Cornell’s compensation declined 33% last year to $11.3 million, most of which came from stock awards valued at $9.65 million, according to a proxy statement filed Monday. The company, No. 20 in the newly released Internet Retailer 2017 Top 1000, said management fell “well short” of sales and profit targets.
Cornell has grappled with the aftermath of a poor holiday season, when customers increasingly chose to shop at rivals like Wal-Mart Stores Inc. (No. 3 in the Top 100) or online through Amazon.com Inc. (No. 1). Target’s heads of marketing, digital, grocery and innovation have all left during the past year. To cope with the slowdown, Cornell is reducing prices, refurbishing stores and introducing new brands in areas like apparel. The plan hasn’t appeased investors, who have pushed the shares down 23 percent this year.

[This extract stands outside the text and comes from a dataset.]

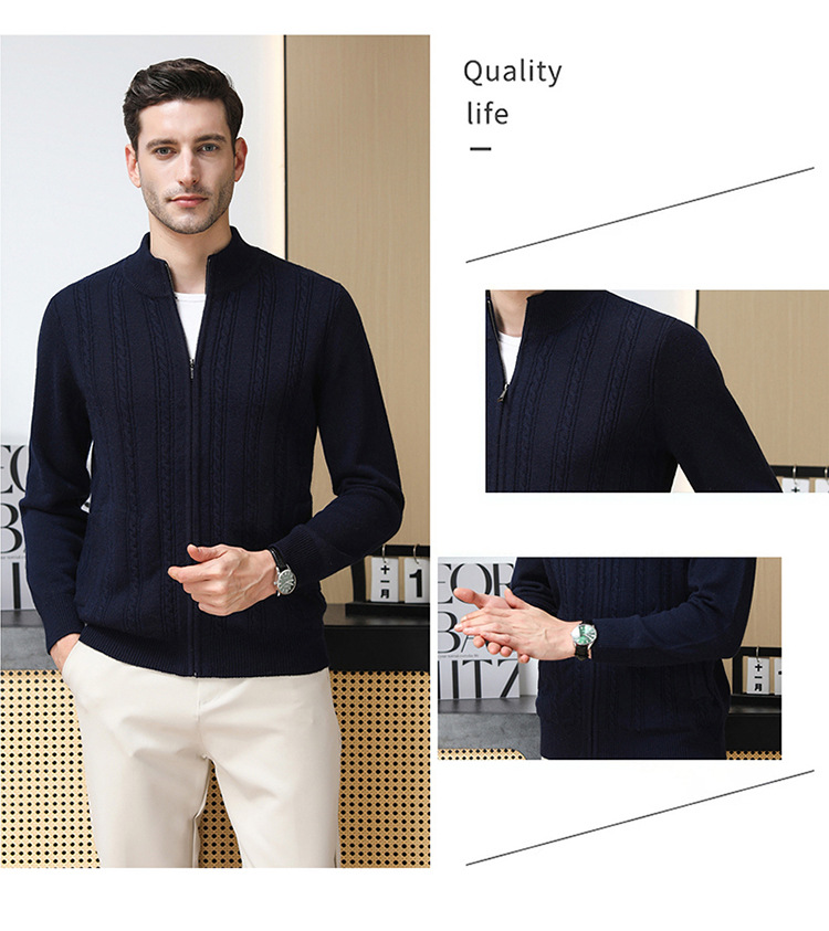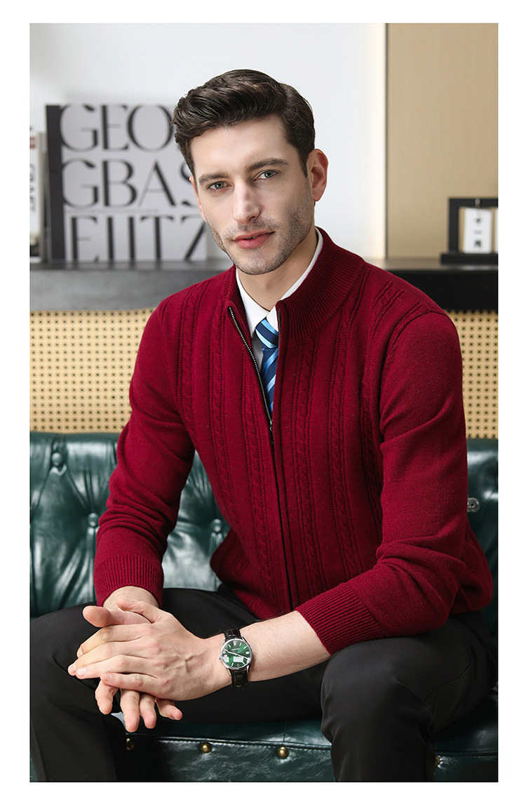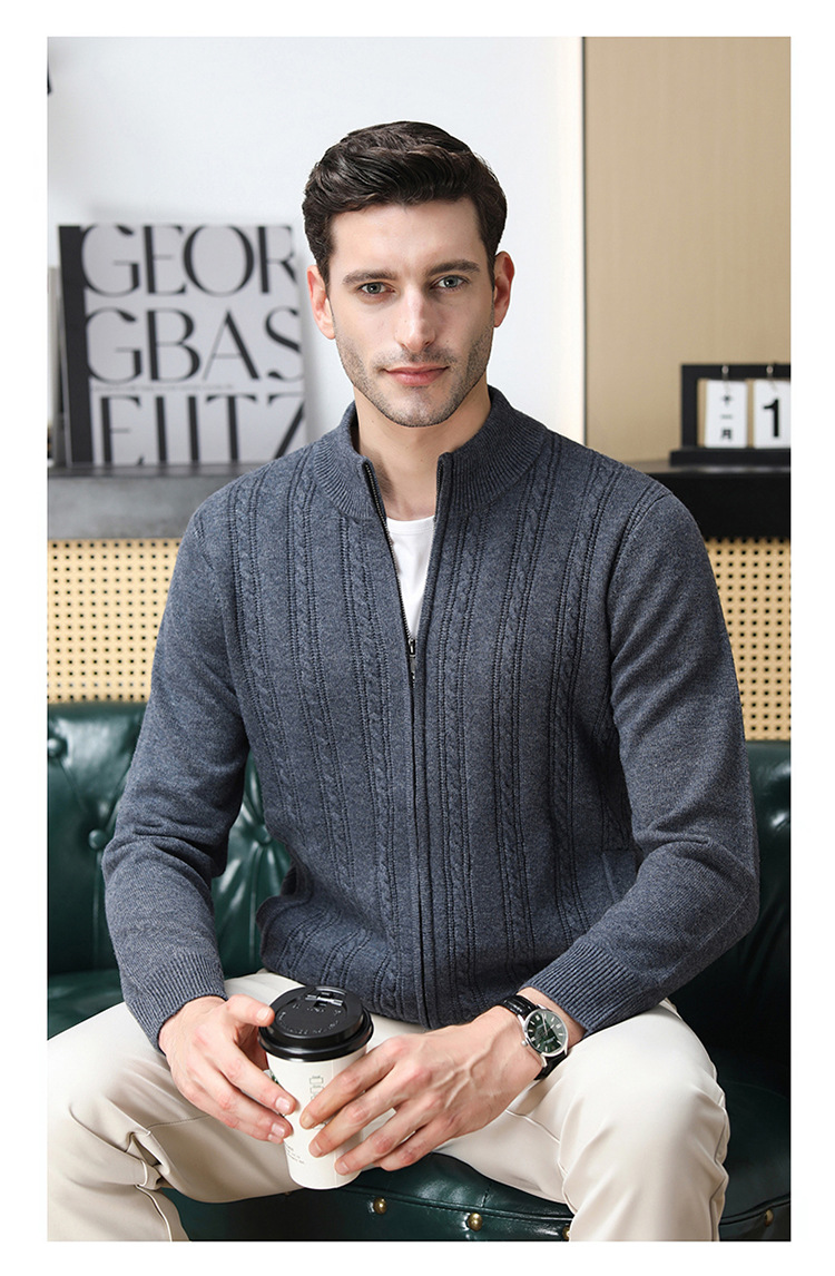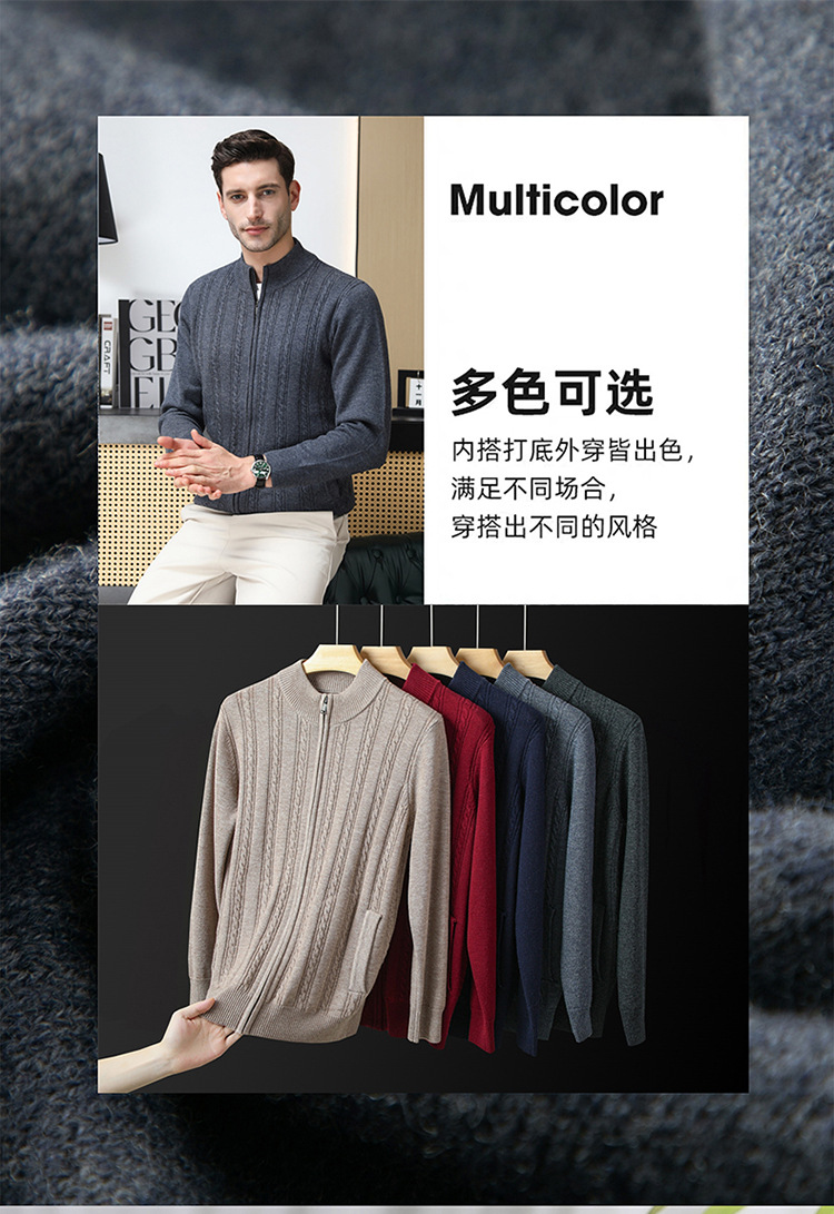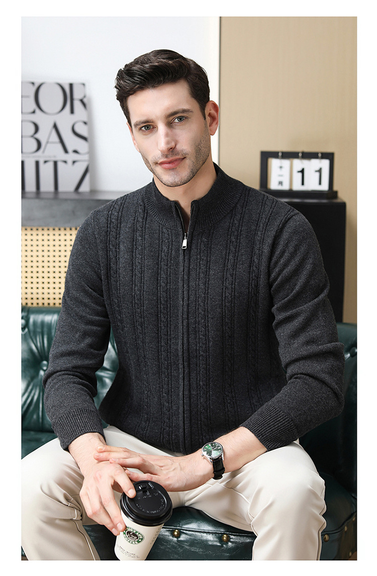 메리노 울 스웨터 남자 긴팔 지퍼 칼라 퓨어 울 니트웨어 재킷 중년 두꺼운 스웨터 카디건

While Cornell’s pay declined in each of the past two years, rival Wal-Mart CEO Doug McMillon earned $22.4 million in 2016, up 13% from the previous year. Wal-Mart has posted 10 consecutive quarters of positive U.S. same-store sales.
Cornell’s performance-based equity awards pay out over three years and are based on hitting stock price targets and other financial goals.
Chief financial officer Cathy Smith and operations chief John Mulligan did receive cash bonuses because they were based on a broader set of measures, including website performance and growth in key categories like baby and wellness. Mark Tritton, the Minneapolis-based company’s new head of merchandising, received $5.2 million in total compensation, including a $500,000 sign-on bonus.